== Segment start ==

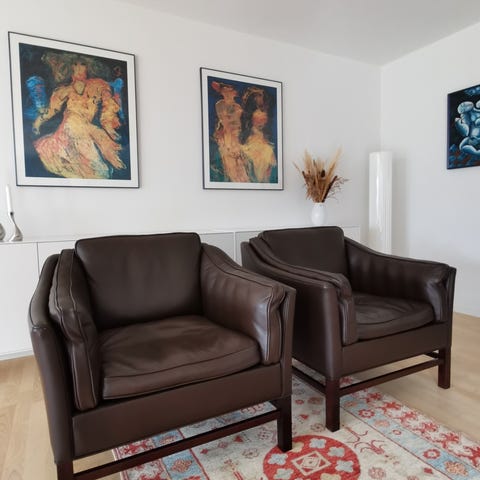 Sæt eller enkeltvis - 2 lænestole i sort læder. Stolene har en firkantet, kompakt form med brede armlæn og løse sædehynder. Ben i metal giver et enkelt og moderne udtryk. Egnet til stue, kontor eller opholdsrum, hvor der ønskes komfortable siddepladser i et neutralt design.
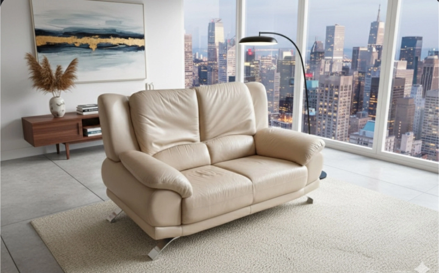 Selling a comfy beige leather loveseat. It's in great shape and would look lovely in any living room or den! Its neutral colour ensures it will match any decor
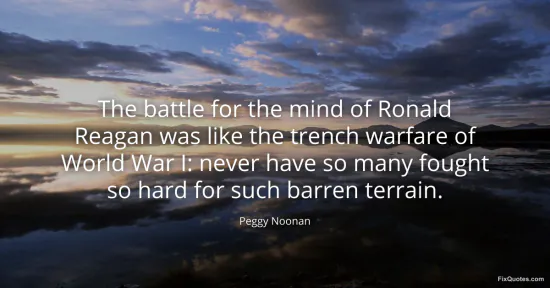 Noonan, Peggy. "The battle for the mind of Ronald Reagan was like the trench warfare of World War I: never have so many fought so hard for such barren terrain." FixQuotes. February 10, 2026. https://fixquotes.com/quotes/the-battle-for-the-mind-of-ronald-reagan-was-like-80518/.
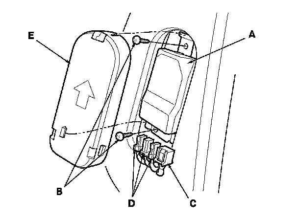 1. Place the new ODS unit (A) on the seat-back frame. Tighten the two screws (B), and connect the ODS unit harness 18P connector (C) and sensor connectors (D) to the ODS unit. Reinstall the cover (E).

== Segment end ==

§ WHAT IS REQUIRED:
Reproduce the material above in full and without alteration, but skip all pictures.

§ EXERCISE RESULT:
 Sæt eller enkeltvis - 2 lænestole i sort læder. Stolene har en firkantet, kompakt form med brede armlæn og løse sædehynder. Ben i metal giver et enkelt og moderne udtryk. Egnet til stue, kontor eller opholdsrum, hvor der ønskes komfortable siddepladser i et neutralt design.
 Selling a comfy beige leather loveseat. It's in great shape and would look lovely in any living room or den! Its neutral colour ensures it will match any decor
 Noonan, Peggy. "The battle for the mind of Ronald Reagan was like the trench warfare of World War I: never have so many fought so hard for such barren terrain." FixQuotes. February 10, 2026. https://fixquotes.com/quotes/the-battle-for-the-mind-of-ronald-reagan-was-like-80518/.
 1. Place the new ODS unit (A) on the seat-back frame. Tighten the two screws (B), and connect the ODS unit harness 18P connector (C) and sensor connectors (D) to the ODS unit. Reinstall the cover (E).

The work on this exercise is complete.